Peter Hay Halpert moderated the panel and showed slides
from his recently published American Photo Magazine article. A series of
photographs by different artists captioned in bold with "Buy",
"Sell" or "Hold" rotated on the screen while he spoke.
Other panelists included
Denise Miller Clark from the Museum of Contemporary Photography at Columbia
College, Chicago, Peter Bunnell from Princeton University’s Art Museum, Anne
Wilkes Tucker from the Museum of Fine Arts, Houston, Sandra Philips from the
San Francisco Museum of Modern Art, and Matthew Broad from the Guggenheim
Museum. Baroness Marion Lambert of Geneva was the only private collector. Each
panelist showed slides from their respective collections and provided insights
into the methods by which collections are formed and defined.

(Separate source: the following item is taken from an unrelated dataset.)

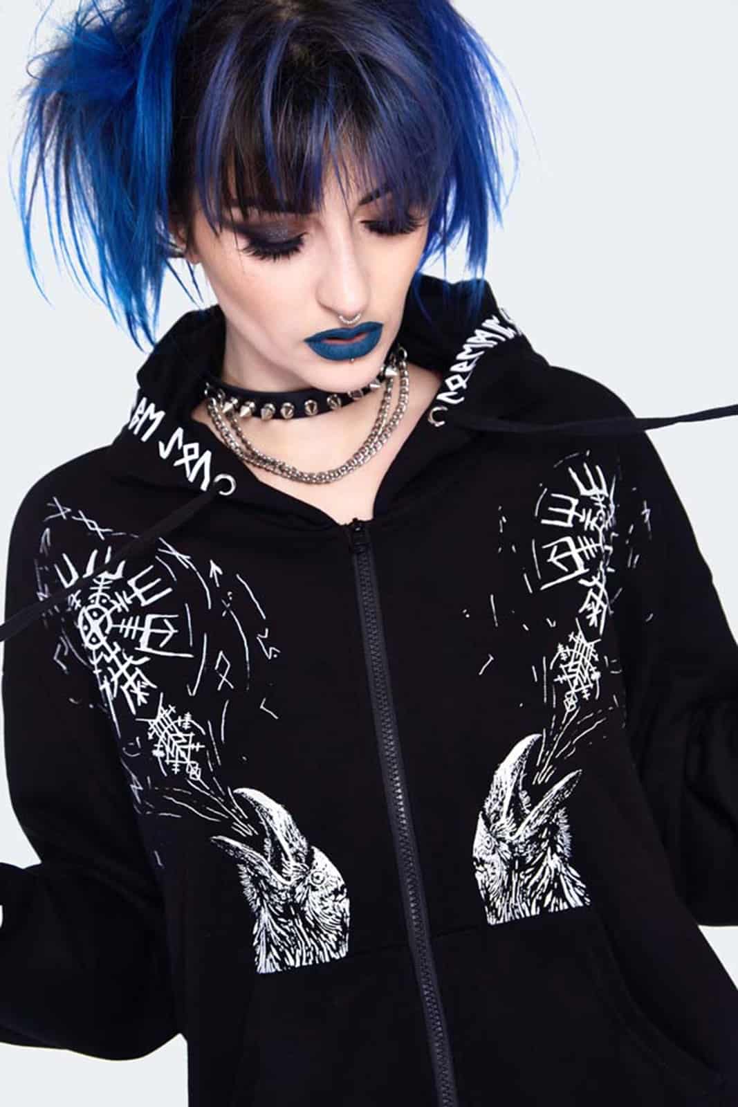 Höre den Ruf der Raben in den Ruinen – die Symbole dieses Hoodies. Mit dem einzigartigen Print auf der Vorderseite und der Kapuze sowie dem super lässigen Schnitt ist dieser Hoodie ein absolutes Must-have.

Photography sales have only recently begun to find some
parity with that of other fine art, and the curators were conscious of the
changing economic times and of many missed opportunities for acquiring work
inexpensively. Anne Tucker drew a collective gasp when she related how in
earlier years her museum had exhibited Edward Weston (at one time his prints
were only $5.00), Drtikol, and Moholy, but had failed to buy any prints from
the shows. Not only does her museum now buy in depth from its own shows and
from a select group of contemporary artists, it continues to collect later
work. The museum holds more than 30 prints each by Robert Frank, Gay Block,
Roy DeCarava, Sid Grossman (and other members of The Photo League) as well as
work by George Krause, Ray K. Metzker, Richard Misrach, Catherine Wagner,
Cartier-Bresson, Brassai, and Steichen.
Another means of acquiring
work described by Tucker was to target certain nationalities, often with an
emphasis on one photographer or a particular subject. Consequently she has a
large body of work from Mexico with many pictures by Bravo and from Argentina,
where photographers are dealing literally and metaphorically with the
"Disappeared." The Houston Museum has also purchased an entire
exhibition of sequential work which includes images by Boltanski, Prada,
Baldessari, Manual and others.
Denise Miller related how
her institution, The Museum of Contemporary Photography, views photography in
a number of sub-categories including artistic, documentary, commercial, and as
a tool of science and technology. Starting in 1982 with 800 images, the
collection now has over 5,000 works by more than 500 U.S. and U.S. resident
photographers.
Finding the funding
necessary to purchase photographs for these collections is no small matter.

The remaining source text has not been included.